In the National Gallery one day, when Mum was in the Ladies, we stood in front of Gainsborough’s The Painter’s Daughters Chasing a Butterfly. ‘This is my favourite painting,’ I declared, relieved to have finally found one, like when you get a best friend.
‘Oh, excellent choice, Laurie.’ He leaned forward, his hands clasped behind his back. ‘Girls and Birdcage,’ he said, after a while. ‘Well, what do you think? Shall I finish the damn thing, or destroy it?’
The question was too important to answer straight away. I studied the little girl lunging after the butterfly, the big sister holding her hand. And I thought of my first day ever at Rock Point, Kat and Flora helping me down the rocky beach path. The driftwood bonfire they built, and the marshmallows they carefully toasted for me, stacked on a stick, making sure I didn’t burn my fingers. It made me feel warm inside.
‘I haven’t been able to work on it since … Well, you know.’ His voice went funny.
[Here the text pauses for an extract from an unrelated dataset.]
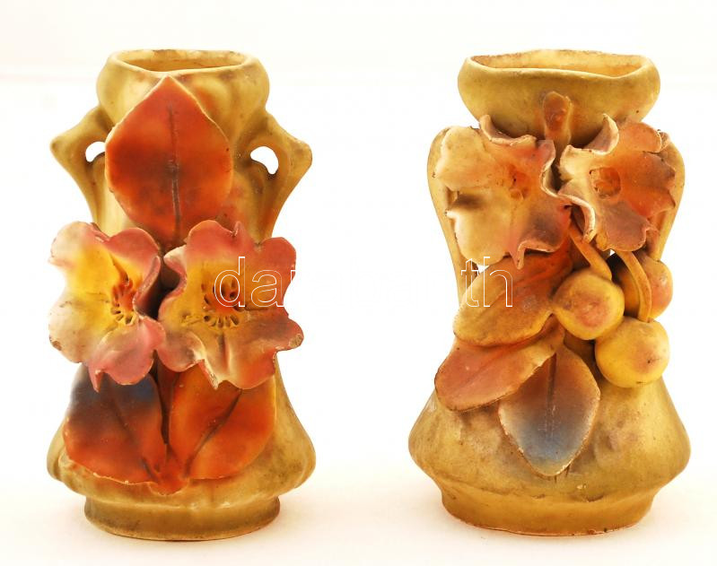 Beschreibung: 2 db kisméretű szecessziós mázas kerámia váza növényi díszítéssel, jelzés nélkül, apró kopásnyomokkal, lepattanásokkal, m: 13 cm

‘Finish it, Dad. It’s good.’
He did. And it was. It was beautiful. A few weeks later he sold it. When I asked Mum why Dad hadn’t kept the painting, she was separating a stringy ball of pizza dough on the kitchen table. The bronze autumn sun was pouring through the kitchen window, making her nose stud glint. ‘I’m not sure he knows himself yet, Laurie. But he’ll tell you one day, when he’s worked it out. Here, catch.’ The ball of dough met my palm with a satisfying slap, a puff of flour. We laughed and, without saying another word, started to knead the dough into life.